Gilinsky v. Indelicato

894 F. Supp. 86, 1995 U.S. Dist. LEXIS 10848, 1995 WL 455773
CourtDistrict Court, E.D. New York
DecidedJuly 28, 1995
Docket9:93-cv-00893
StatusPublished
Cited by12 cases

This text of 894 F. Supp. 86 (Gilinsky v. Indelicato) is published on Counsel Stack Legal Research, covering District Court, E.D. New York primary law. Counsel Stack provides free access to over 12 million legal documents including statutes, case law, regulations, and constitutions.

Bluebook
Gilinsky v. Indelicato, 894 F. Supp. 86, 1995 U.S. Dist. LEXIS 10848, 1995 WL 455773 (E.D.N.Y. 1995).

Opinion

MEMORANDUM AND ORDER

SEYBERT, District Judge:

In the instant personal-injury action founded upon diversity jurisdiction, plaintiff Barbara Gilinsky brings suit against the defendant, Dr. Joseph Rosario Indelicato, alleging that his negligent conduct contributed to the injuries she sustained on September 24,1990. The plaintiff alleges that, on that day, she suffered a stroke while under the ehiropractic care and treatment of an individual named Dr. Kevin Parks. Unaware of the severity of the plaintiffs condition, Dr. Parks called the defendant for consultative advice. According to the plaintiff, the defendant’s failure to recommend emergent medical treatment during a series of seven conversations with Dr. Parks, that traversed a period of approximately five hours, constituted a breach of the defendant’s duty of care. 1

The defendant now moves for summary judgment dismissing the plaintiffs complaint in its entirety on the ground that a physician-patient relationship did not exist between the parties. For the reasons that follow, the defendant’s motion is denied.

FACTUAL BACKGROUND

Viewed in the light most favorable to the plaintiff, the record shows that on September 24, 1990, plaintiff Barbara Gilinsky visited the office of Dr. Kevin Parks, a chiropractor in Wall Township, New Jersey. She arrived at his office at approximately 9:10 a.m. and immediately was seen by the doctor. During the preceding five years, Dr. Parks had treated Ms. Gilinsky on several occasions without encountering difficulty. On the day in question, however, Dr. Parks performed an adjustment of her neck, which precipitated an intense headache, nausea, vomiting, dizziness, a loss of balance, slurred speech, and visual disturbances.

The plaintiffs symptoms were unusual to Dr. Parks and he was greatly concerned. As such, Dr. Parks decided to telephone Dr. Indelicato to discuss the plaintiffs condition with him.

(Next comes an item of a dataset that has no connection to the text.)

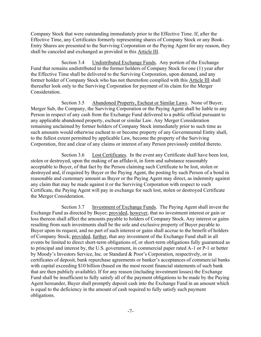 -7- Company Stock that were outstanding immediately prior to the Effective Time. If, after the Effective Time, any Certificates formerly representing shares of Company Stock or any Book- Entry Shares are presented to the Surviving Corporation or the Paying Agent for any reason, they shall be canceled and exchanged as provided in this Article III. Section 3.4 Undistributed Exchange Funds. Any portion of the Exchange Fund that remains undistributed to the former holders of Company Stock for one (1) year after the Effective Time shall be delivered to the Surviving Corporation, upon demand, and any former holder of Company Stock who has not theretofore complied with this Article III shall thereafter look only to the Surviving Corporation for payment of its claim for the Merger Consideration. Section 3.5 Abandoned Property, Escheat or Similar Laws. None of Buyer, Merger Sub, the Company, the Surviving Corporation or the Paying Agent shall be liable to any Person in respect of any cash from the Exchange Fund delivered to a public official pursuant to any applicable abandoned property, escheat or similar Law. Any Merger Consideration remaining unclaimed by former holders of Company Stock immediately prior to such time as such amounts would otherwise escheat to or become property of any Governmental Entity shall, to the fullest extent permitted by applicable Law, become the property of the Surviving Corporation, free and clear of any claims or interest of any Person previously entitled thereto. Section 3.6 Lost Certificates. In the event any Certificate shall have been lost, stolen or destroyed, upon the making of an affidavit, in form and substance reasonably acceptable to Buyer, of that fact by the Person claiming such Certificate to be lost, stolen or destroyed and, if required by Buyer or the Paying Agent, the posting by such Person of a bond in reasonable and customary amount as Buyer or the Paying Agent may direct, as indemnity against any claim that may be made against it or the Surviving Corporation with respect to such Certificate, the Paying Agent will pay in exchange for such lost, stolen or destroyed Certificate the Merger Consideration. Section 3.7 Investment of Exchange Funds. The Paying Agent shall invest the Exchange Fund as directed by Buyer; provided, however, that no investment interest or gain or loss thereon shall affect the amounts payable to holders of Company Stock. Any interest or gains resulting from such investments shall be the sole and exclusive property of Buyer payable to Buyer upon its request, and no part of such interest or gains shall accrue to the benefit of holders of Company Stock; provided, further, that any investment of the Exchange Fund shall in all events be limited to direct short-term obligations of, or short-term obligations fully guaranteed as to principal and interest by, the U.S. government, in commercial paper rated A-1 or P-1 or better by Moody’s Investors Service, Inc. or Standard & Poor’s Corporation, respectively, or in certificates of deposit, bank repurchase agreements or banker’s acceptances of commercial banks with capital exceeding $10 billion (based on the most recent financial statements of such bank that are then publicly available). If for any reason (including investment losses) the Exchange Fund shall be insufficient to fully satisfy all of the payment obligations to be made by the Paying Agent hereunder, Buyer shall promptly deposit cash into the Exchange Fund in an amount which is equal to the deficiency in the amount of cash required to fully satisfy such payment obligations.
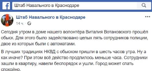 «Сегодня утром в доме волонтера Виталия Вотановского прошел обыск. Для этого было задействовано пять сотрудников полиции, двое из которых были с автоматами. С обыском пришли в 6:00. При этом все действо продлилось меньше часа», - говорится в сообщении краснодарского штаба, опубликованном на странице штаба в Facebook.

At the time of the incident in question, Dr. Parks was enrolled in a post-doctoral chiropractic neurology residency program sponsored by the New York College of Chiropractic. Dr. Indelicato was assigned as Dr. Parks’ senior neurologist to monitor his progress and help him through any difficulties that he encountered during the neurology residency. Dr. Indelicato’s responsibility *88 in this capacity arose as a condition to maintaining the status of diplómate in neurology at the New York College of Chiropractic; to retain his diplómate status, he was required to stay active in chiropractic neurology by volunteering to answer the questions of new students enrolled in the course. Dr. Parks regularly communicated with Dr. Indelicate by mail, sending him weekly reports of his examinations. Prior to the subject incident, the two doctors had previously spoken by telephone; one such discussion concerned the treatment of a teenage girl who suffered from back pain.

At 10:18 a.m., while the plaintiff rested with her head on Dr. Parks’ desk, Dr. Parks placed a telephone call to Dr. Indelicate at his office in Commaek, New York. According to telephone records, this first call lasted 9 minutes. In this call, Dr. Parks identified himself, stated that there was an emergency, and asked to speak with Dr. Indelicate. Dr. Parks told the defendant that he had a patient in his office, advised him of her vital signs and symptoms, and that the symptoms ensued after chiropractic manipulation. The defendant expressed an opinion that the plaintiff was suffering from cervical disequilibrium. He instructed Dr. Parks to perform gentle-range-of-motion testing, and to use electrical stimulation and high-volt galvanism. Dr. Parks documented the defendant’s advice in his office records and followed the instructions after the first telephone call was completed. The plaintiffs speech then became noticeably slurred, and she momentarily blacked out as she rested on a sofa bed.

A second, 10-minute conversation occurred when Dr. Parks called the defendant at 11:18 a.m. During this telephone conversation, Dr. Parks updated the defendant on the case and the defendant advised him to treat the plaintiff with ultrasound. Dr. Parks followed this advice.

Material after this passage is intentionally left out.